On my way to work I was greeted by a beautiful sunrise containing the promise of a new tomorrow. He will draw near to us, the broken hearted. And although my heart is full of anxiousness to meet my sweet daughter there is, and always will be a longing to hold our first born again. Baby H is forever in our hearts. He came and left way too soon. Some days the only thing that I find comfort in, is knowing that one day will be reunited with him in Heaven. And what a glorious day that will be.

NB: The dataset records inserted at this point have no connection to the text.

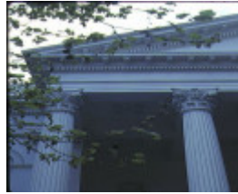
baptist church melb exterior columns
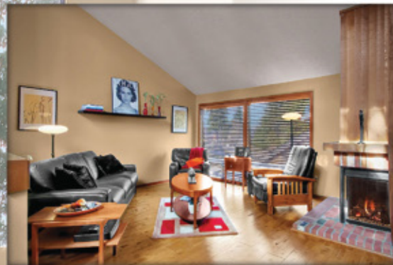
Formal living room filled with natural light.
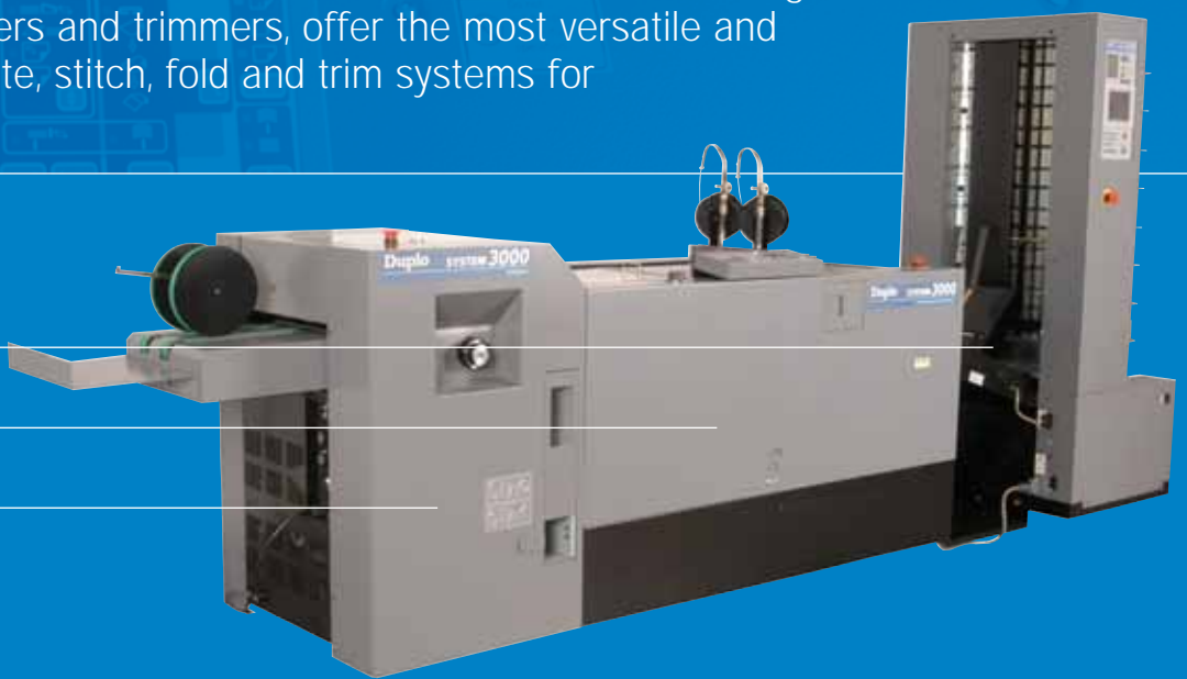
DC-8/32 8 bin tower

Duplo's state of the art vacuum-feed collators, combined with the range of dynamic bookletmakers and trimmers, offer the most versatile and scaleable range of collate, stitch, fold and trim systems for the professional printer.
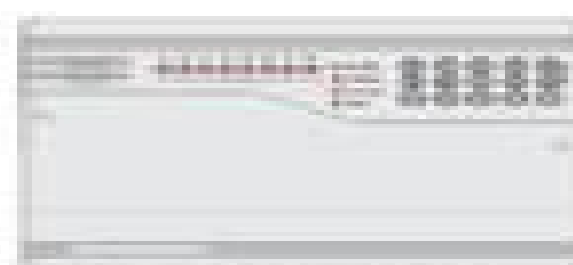
Figure 1-2: Accenta/Optima software interface showing a graph of a signal waveform with a red line.
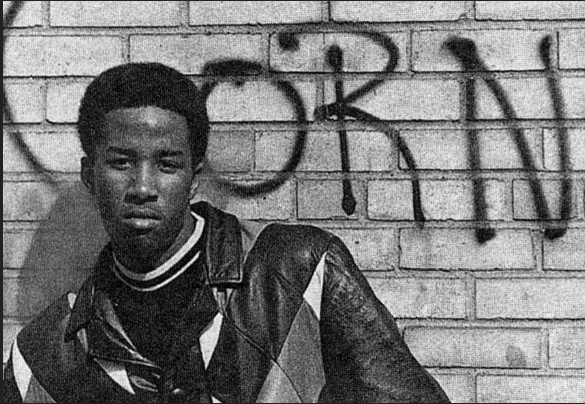
Portrait of Darryl McCray with his tag
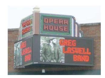
Marquee with creative elements
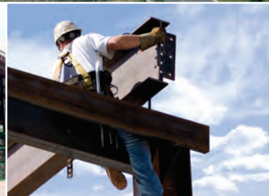
GENERAL CONTRACTING AND CONSTRUCTION
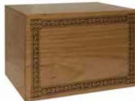
ALDER WOOD* (8-338)
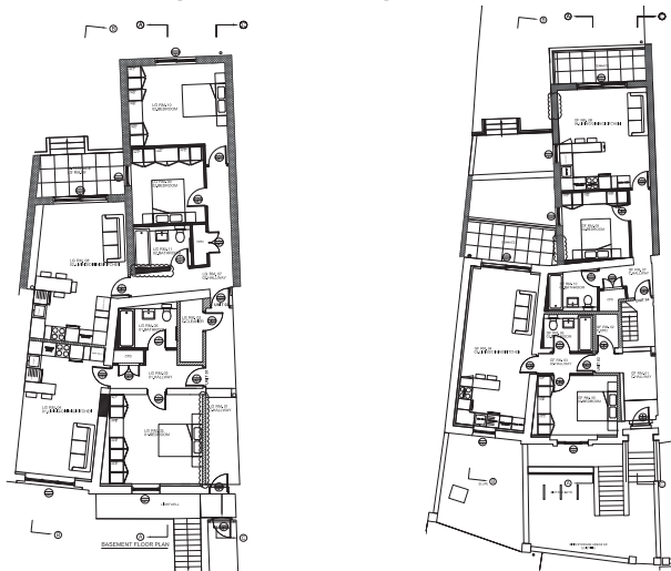
LOWER AND GROUND FLOOR
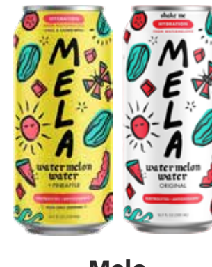
Mela Watermelon Water 16.9 oz. Original or pineapple.

Yes, I am member of a club that I would wish the membership on no one. Its a special bond between woman, where they just know. They know the heart ache, the tear filled nights and sometimes days. I am proud to stand with many brave woman and share in their healing. I am grateful for God's mercy and His knowing that I would need other woman to suffer alongside. Hopeful Hearts, a grief group has been exactly what I needed and led me to a Homegroup where 3 other woman went through similar situations. God is sovereign.

So today I stand, holding hands with other grieving mothers and we long for our babies. But one day there will be no more tears and we will see those faces again. I am thankful for that promise. Yes, God is good.